## Excerpted data
□ □ □ □ □

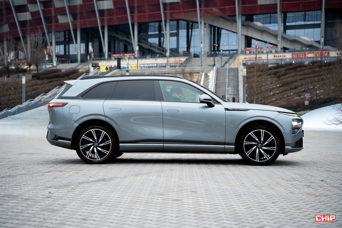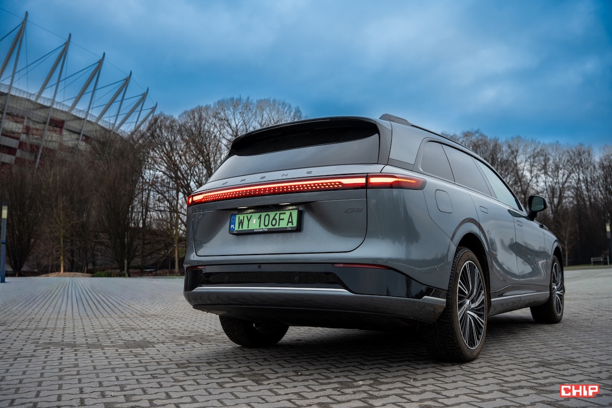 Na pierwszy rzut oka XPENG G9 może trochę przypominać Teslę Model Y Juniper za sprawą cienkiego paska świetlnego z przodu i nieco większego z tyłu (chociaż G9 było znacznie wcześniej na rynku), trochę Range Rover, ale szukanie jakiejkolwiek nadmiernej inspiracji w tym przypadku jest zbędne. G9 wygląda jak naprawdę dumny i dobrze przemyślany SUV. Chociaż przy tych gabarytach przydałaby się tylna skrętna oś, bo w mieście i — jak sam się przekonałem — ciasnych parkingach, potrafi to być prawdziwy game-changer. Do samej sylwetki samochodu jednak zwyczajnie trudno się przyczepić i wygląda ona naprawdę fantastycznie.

□ □ □ □ □

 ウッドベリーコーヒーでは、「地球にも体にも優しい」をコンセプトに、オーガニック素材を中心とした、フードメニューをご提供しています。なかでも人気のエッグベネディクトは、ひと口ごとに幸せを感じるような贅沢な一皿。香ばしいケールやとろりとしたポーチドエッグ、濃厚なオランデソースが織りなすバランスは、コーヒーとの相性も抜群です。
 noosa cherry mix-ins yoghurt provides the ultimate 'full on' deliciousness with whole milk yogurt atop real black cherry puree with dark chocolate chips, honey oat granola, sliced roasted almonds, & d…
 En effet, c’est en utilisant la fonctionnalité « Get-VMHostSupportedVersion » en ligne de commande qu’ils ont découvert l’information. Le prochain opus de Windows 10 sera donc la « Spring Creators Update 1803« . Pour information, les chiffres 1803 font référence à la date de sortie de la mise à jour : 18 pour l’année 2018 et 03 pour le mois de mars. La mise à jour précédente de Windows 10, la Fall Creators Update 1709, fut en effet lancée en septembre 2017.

□ □ □ □ □

## Exercise directions
From the material above, set down exactly the lines between the line holding "noosa cherry mix-ins" and the line holding "En effet, c’est", inclusive. Include nothing else.

## Solution for this problem
 noosa cherry mix-ins yoghurt provides the ultimate 'full on' deliciousness with whole milk yogurt atop real black cherry puree with dark chocolate chips, honey oat granola, sliced roasted almonds, & d…
 En effet, c’est en utilisant la fonctionnalité « Get-VMHostSupportedVersion » en ligne de commande qu’ils ont découvert l’information. Le prochain opus de Windows 10 sera donc la « Spring Creators Update 1803« . Pour information, les chiffres 1803 font référence à la date de sortie de la mise à jour : 18 pour l’année 2018 et 03 pour le mois de mars. La mise à jour précédente de Windows 10, la Fall Creators Update 1709, fut en effet lancée en septembre 2017.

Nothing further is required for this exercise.